Opinion

From Hong Kong To Chile, Twitter Is A Tool For Freedom

Hong Kong
In a world where nation-state borders feel increasingly rigid, Twitter appears to be transcending them one tweet at a time.

On November 1, 2019, the grassroots organization, M Power Change tweeted to their 10.7K followers, “Attn: According to CNN, Trump may be expanding the Muslim ban to include even more countries.” M Power Change then proceeded to provide links for telephone numbers and emails for interested parties to contact their representatives in the U.S. House of Congress to voice their concerns over the expansion of The Muslim Ban.  
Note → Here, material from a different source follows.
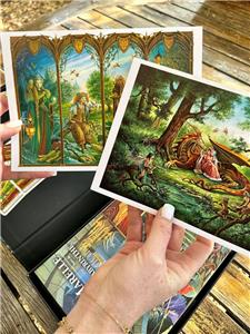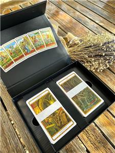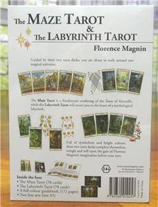 This edition is in the English language, and this kit includes 2 tarot decks. The Maze Tarot & The Labyrinth Tarot. Along with the tarots is a 171 page book that tells of the journey that was taken to bring these decks to fruition. The book describes the cards and instructs how to use & interpret the tarots. Also inside the box are two fine art prints, size A5. These items are encased in a detailed box with magnetic closure.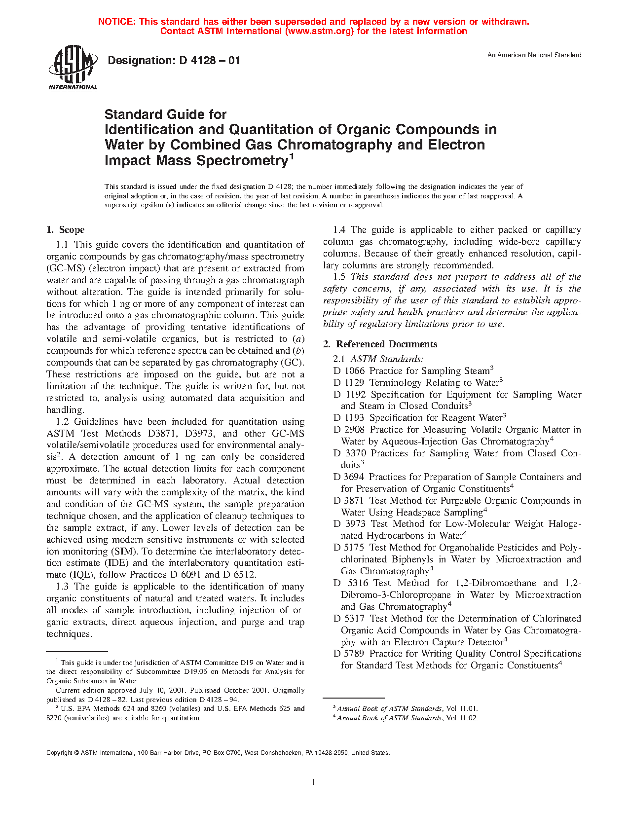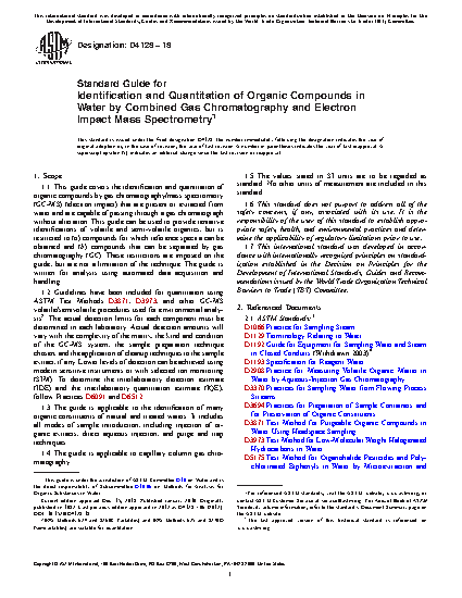 1.1 This guide covers the identification and quantitation of organic compounds by gas chromatography/mass spectrometry (GC-MS) (electron impact) that are present or extracted from water and are capable of passing through a gas chromatograph without alteration. This guide can be used to provide tentative identifications of volatile and semi-volatile organics, but is restricted to (a) compounds for which reference spectra can be obtained and (b) compounds that can be separated by gas chromatography (GC). These restrictions are imposed on the guide, but are not a limitation of the technique. The guide is written for analysis using automated data acquisition and handling.

On Twitter, there are countless examples of grassroots organizations taking the platform to get their message out. Through the platform, it isn’t just organizations, but also activists, artists, and everyday people that are growing movements, raising awareness and creating support networks for causes around the globe.

In a world where nation-state borders feel increasingly rigid, Twitter appears to be transcending them one tweet at a time.

“As protests continue to erupt throughout the world as a response to rising authoritarianism and social inequality, many are looking to Hong Kong front-liners for tips and a sense of solidarity.”

The political punditry class has been quick to dismiss the power of Twitter. There have been countless articles and TV commentary in the United States that state activism on Twitter “isn’t real life.” However, a deep dive of these activist networks emerging across the globe are showing a very different reality. These informal networks are agitating change not just in the United States, but around the world.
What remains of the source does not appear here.